### INPUT FOR THIS TASK

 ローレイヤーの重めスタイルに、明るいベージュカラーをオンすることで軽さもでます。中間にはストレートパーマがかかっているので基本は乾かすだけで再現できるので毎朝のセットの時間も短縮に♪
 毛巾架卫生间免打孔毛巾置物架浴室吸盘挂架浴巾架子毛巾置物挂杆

--

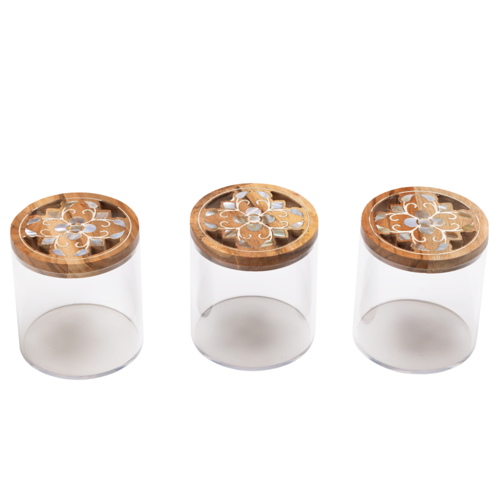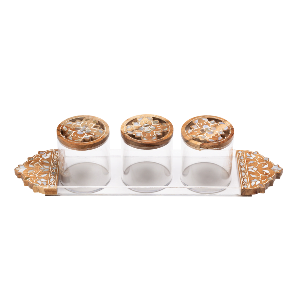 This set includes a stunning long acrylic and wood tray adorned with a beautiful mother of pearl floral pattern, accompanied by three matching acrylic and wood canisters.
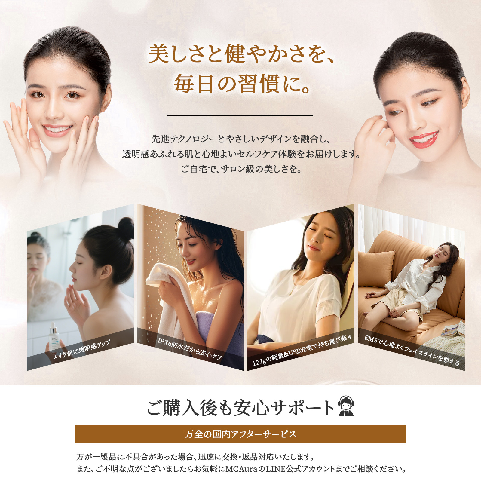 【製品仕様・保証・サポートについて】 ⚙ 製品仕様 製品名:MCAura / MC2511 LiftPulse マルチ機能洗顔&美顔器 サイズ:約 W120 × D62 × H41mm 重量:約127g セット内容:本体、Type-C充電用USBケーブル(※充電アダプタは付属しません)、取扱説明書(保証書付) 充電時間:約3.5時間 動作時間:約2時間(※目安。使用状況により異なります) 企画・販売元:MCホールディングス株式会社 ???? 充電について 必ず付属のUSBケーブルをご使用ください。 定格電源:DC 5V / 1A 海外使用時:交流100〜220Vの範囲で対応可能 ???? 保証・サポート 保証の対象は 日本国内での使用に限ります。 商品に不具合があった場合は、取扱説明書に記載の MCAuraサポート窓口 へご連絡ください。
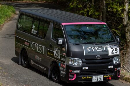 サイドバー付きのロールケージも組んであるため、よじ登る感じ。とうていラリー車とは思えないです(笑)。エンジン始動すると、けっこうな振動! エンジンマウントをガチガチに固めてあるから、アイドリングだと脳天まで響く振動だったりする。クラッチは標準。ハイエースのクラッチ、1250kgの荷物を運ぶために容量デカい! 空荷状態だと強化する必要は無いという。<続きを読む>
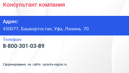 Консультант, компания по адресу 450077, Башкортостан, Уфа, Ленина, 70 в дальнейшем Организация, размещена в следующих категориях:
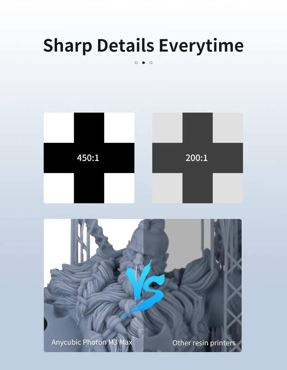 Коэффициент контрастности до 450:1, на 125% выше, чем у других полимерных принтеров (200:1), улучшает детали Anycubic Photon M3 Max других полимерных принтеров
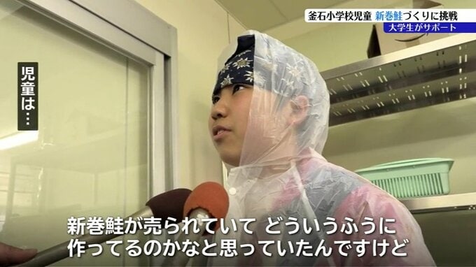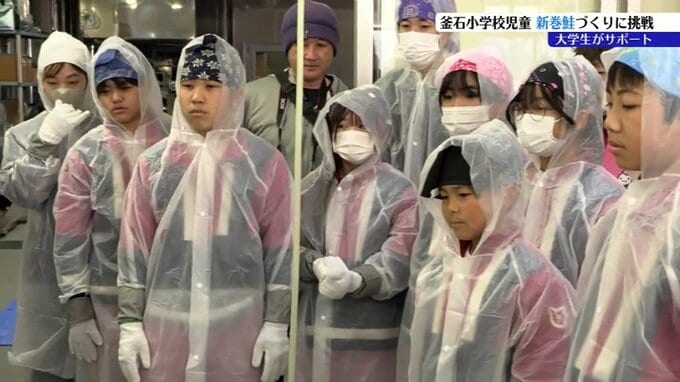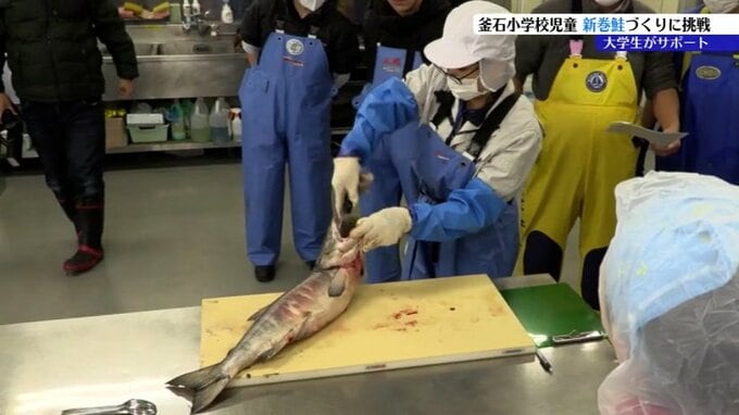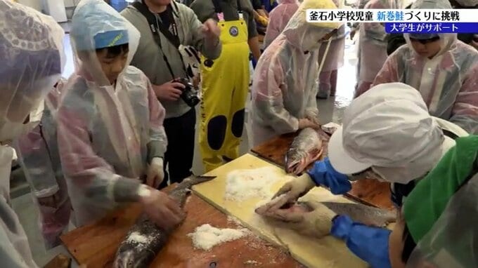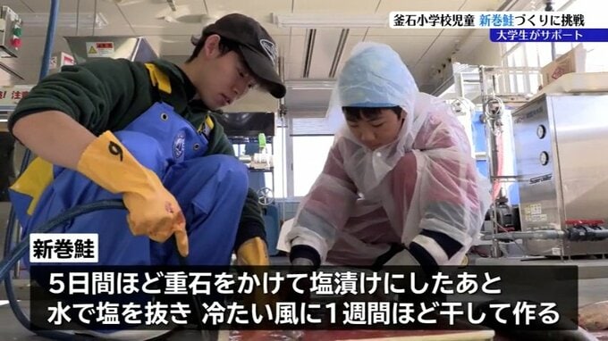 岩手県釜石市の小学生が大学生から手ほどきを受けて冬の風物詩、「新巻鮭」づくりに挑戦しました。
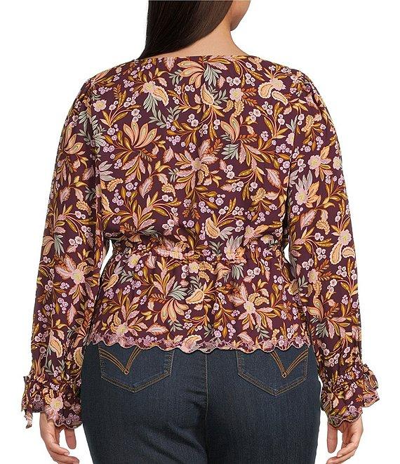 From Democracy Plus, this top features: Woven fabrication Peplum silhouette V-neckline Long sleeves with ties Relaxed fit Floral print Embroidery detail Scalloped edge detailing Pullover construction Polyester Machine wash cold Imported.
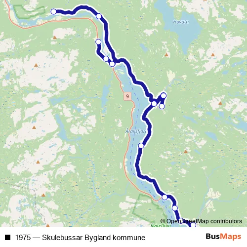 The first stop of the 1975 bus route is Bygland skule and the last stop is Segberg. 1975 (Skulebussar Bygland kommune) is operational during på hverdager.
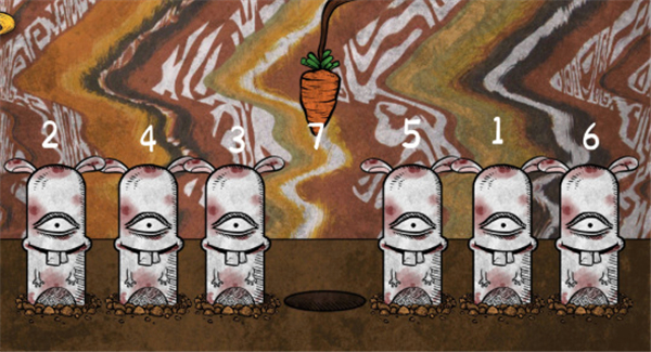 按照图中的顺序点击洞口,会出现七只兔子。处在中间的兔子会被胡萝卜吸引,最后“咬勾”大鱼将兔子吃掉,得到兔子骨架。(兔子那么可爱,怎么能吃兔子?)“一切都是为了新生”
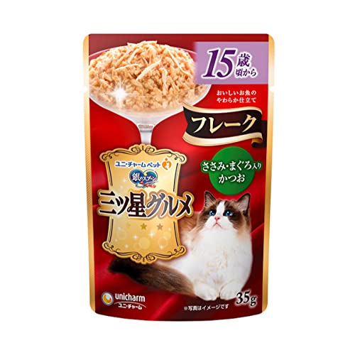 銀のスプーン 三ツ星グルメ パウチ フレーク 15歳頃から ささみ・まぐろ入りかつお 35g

* * *

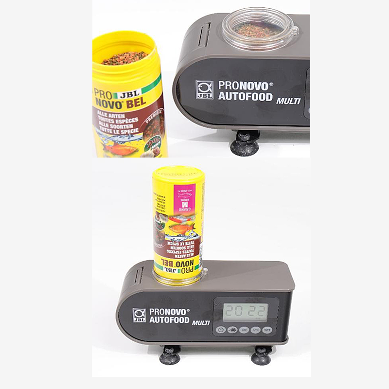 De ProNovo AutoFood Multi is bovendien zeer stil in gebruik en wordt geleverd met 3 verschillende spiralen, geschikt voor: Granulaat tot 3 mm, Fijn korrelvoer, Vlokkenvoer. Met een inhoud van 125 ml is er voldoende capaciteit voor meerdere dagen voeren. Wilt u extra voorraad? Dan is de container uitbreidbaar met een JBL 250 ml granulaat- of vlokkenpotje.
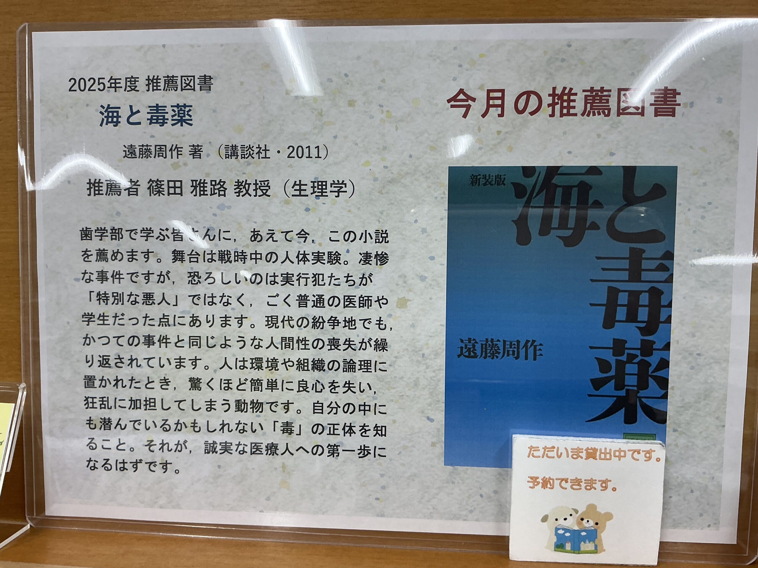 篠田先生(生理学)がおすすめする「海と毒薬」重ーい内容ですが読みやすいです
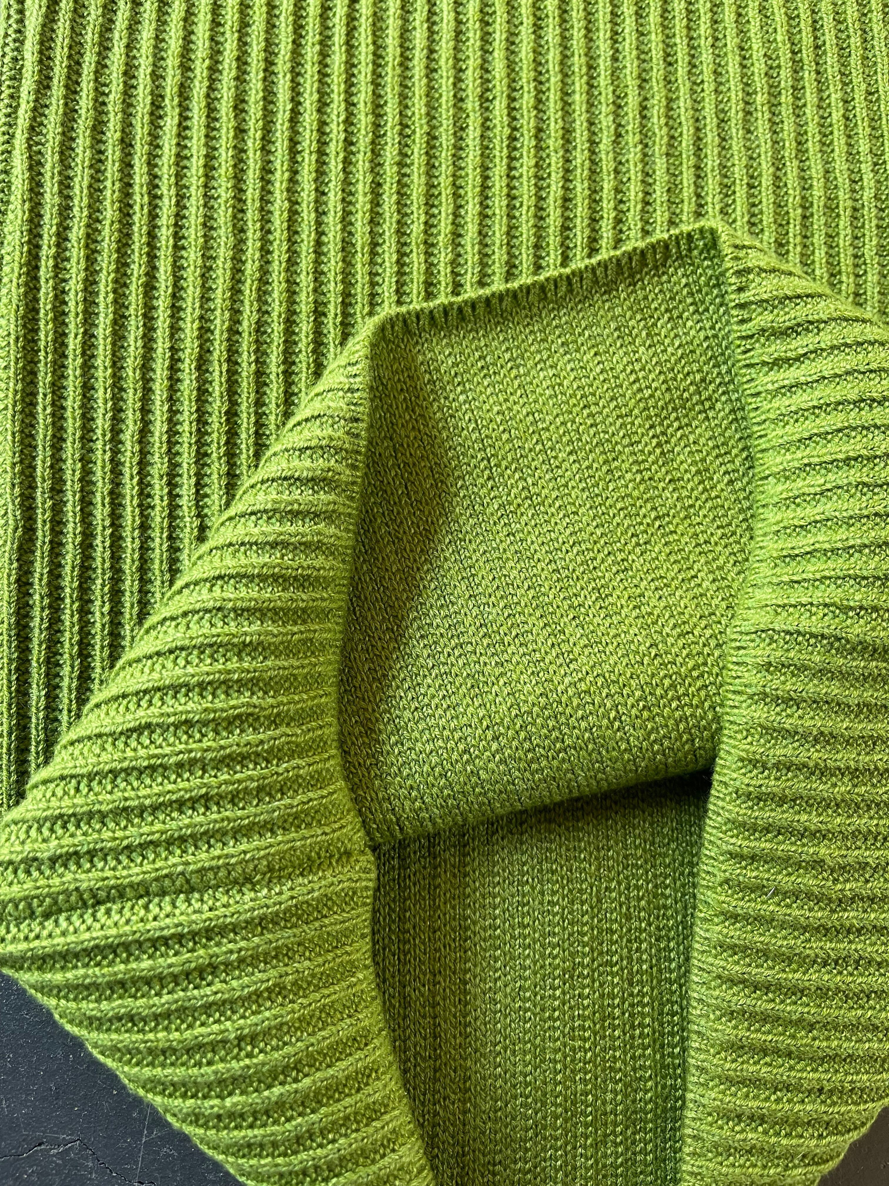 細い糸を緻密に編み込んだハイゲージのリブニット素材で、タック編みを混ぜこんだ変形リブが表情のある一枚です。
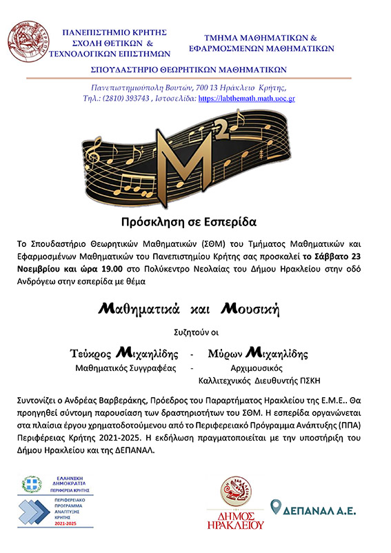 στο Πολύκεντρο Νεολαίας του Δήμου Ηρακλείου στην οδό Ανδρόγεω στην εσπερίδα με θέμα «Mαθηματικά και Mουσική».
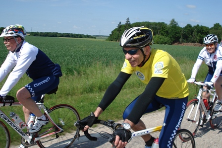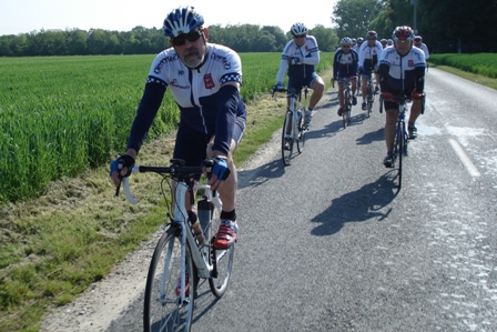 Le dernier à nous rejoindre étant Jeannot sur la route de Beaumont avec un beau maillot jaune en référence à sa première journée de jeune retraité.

### EXERCISE OBJECTIVE
In the entries above, the lines from the one bearing "ローレイヤーの重めスタイルに" up to and including the one bearing "毛巾架卫生间免打孔毛巾置物架浴室吸盘挂架浴巾架子毛巾置物挂杆" should be transcribed exactly; no other line is wanted.

### WRITTEN ANSWER
 ローレイヤーの重めスタイルに、明るいベージュカラーをオンすることで軽さもでます。中間にはストレートパーマがかかっているので基本は乾かすだけで再現できるので毎朝のセットの時間も短縮に♪
 毛巾架卫生间免打孔毛巾置物架浴室吸盘挂架浴巾架子毛巾置物挂杆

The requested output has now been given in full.